Stat. 674 Homework 6

Exercise 9.1.

Figure 9.32 shows the ACFs for 36 random numbers, 360 random numbers and 1,000 random numbers.

a.

Explain the differences among these figures. Do they all indicate that the data are white noise?

The difference between these figures are the blue-dash interval and the lengths of spikes are different in each figure.

They are all indicate that data is white noise since the each correlogram show there is no autocorrelation, all the spikes are small and under the blue dash interval.

b.

Why are the critical values at different distances from the mean of zero? Why are the autocorrelations different in each figure when they each refer to white noise?

The critical values are at different distances from zero because the data sets have different number of observations. The more observations in a data set, the less noise appears in the correlation estimates (spikes). Therefore the critical values for bigger data sets can be smaller in order to check if the data is not white noise.

Exercise 9.2.

A classic example of a non-stationary series are stock prices.

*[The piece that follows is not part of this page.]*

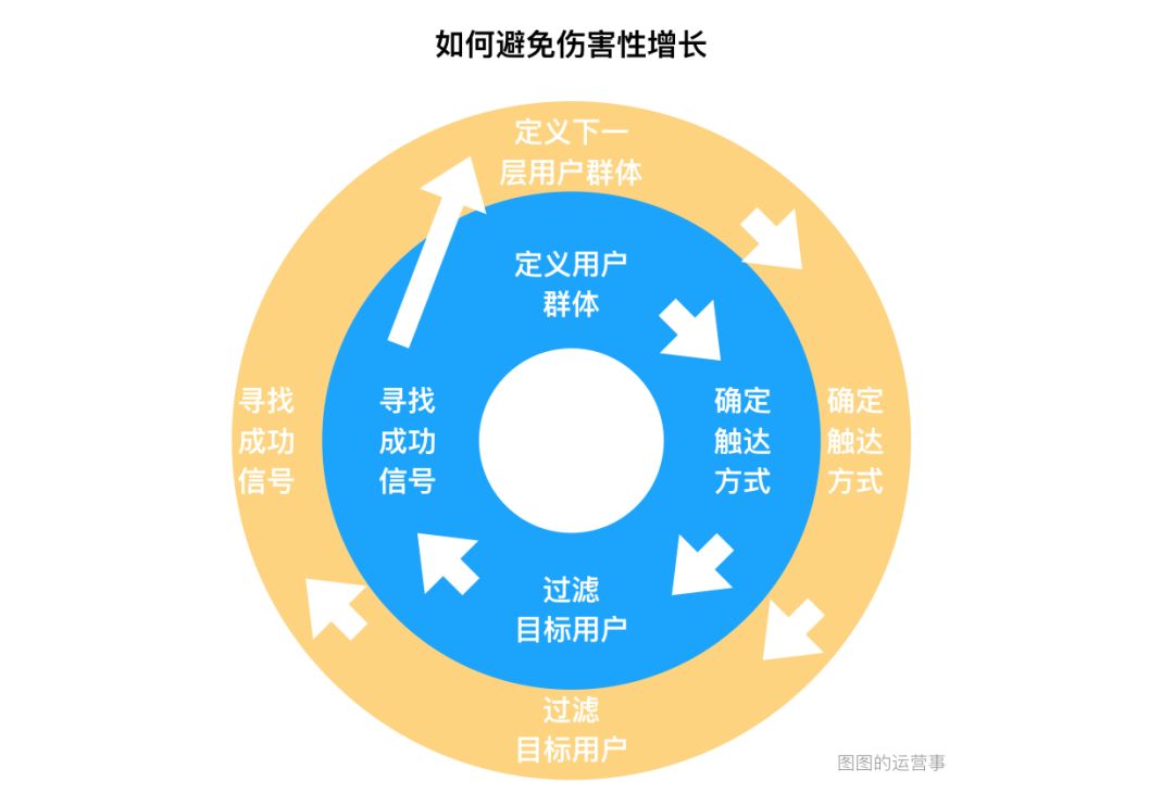 避免伤害性增长是要制定一个流程,让产品循序渐进地适应不同用户群体,最终达到 PMF。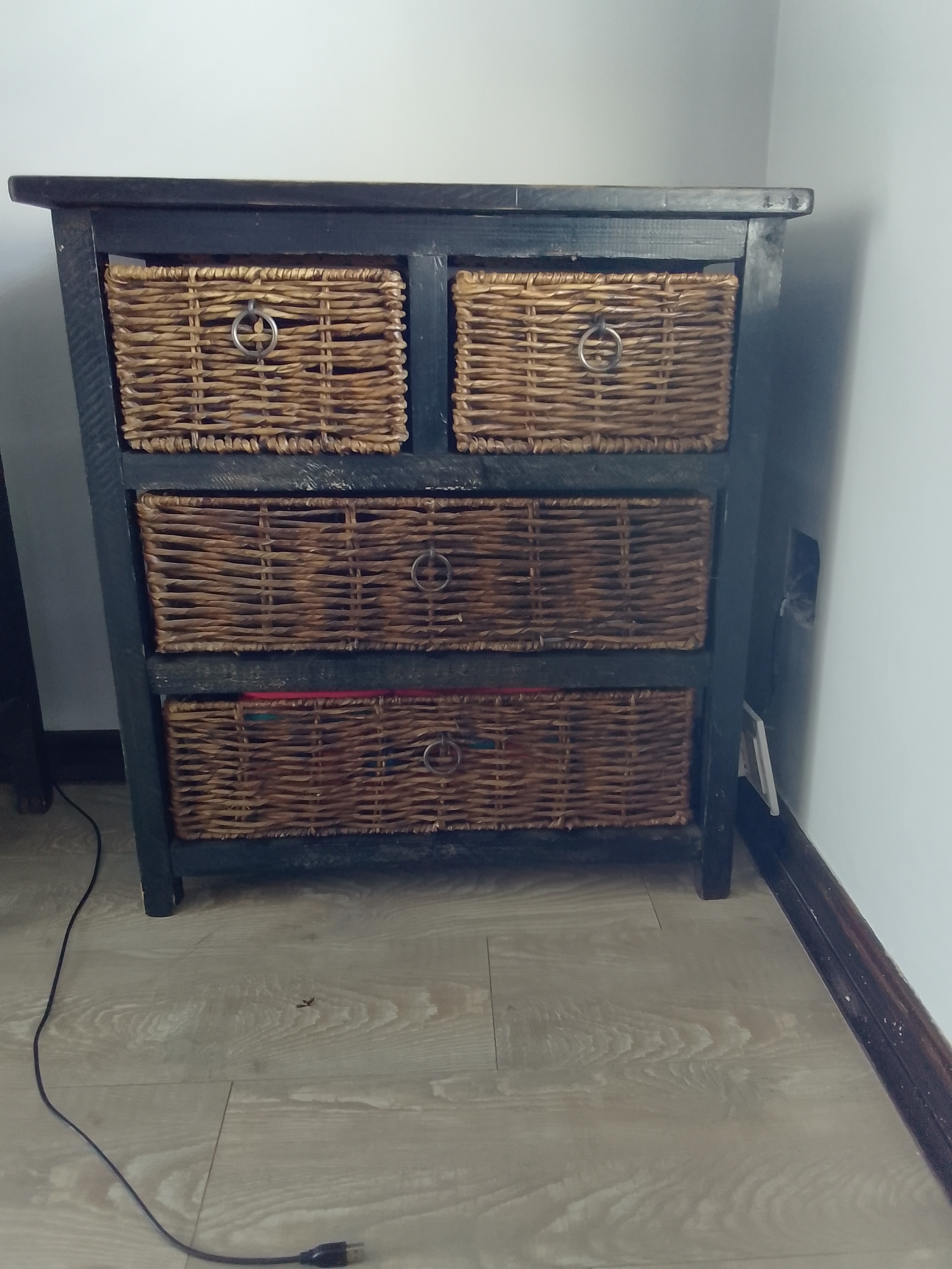 Safavieh Herman Brown Wood Storage Unit with wicker baskets

Plot the daily closing prices for Amazon stock (contained in gafa_stock), along with the ACF and PACF. Explain how each plot shows that the series is non-stationary and should be differenced.

gafa_stock %>%
  filter(Symbol == "AMZN") %>%
  gg_tsdisplay(Close, plot_type='partial') +
  labs(title = "Amazon Closing Stock Price")

## Warning: Provided data has an irregular interval, results should be treated with caution. Computing ACF by observation.
## Provided data has an irregular interval, results should be treated with caution. Computing ACF by observation.

• We can observe a increasing trend over the times with difference in variation though all periods of time. This indication a non-stationary time series.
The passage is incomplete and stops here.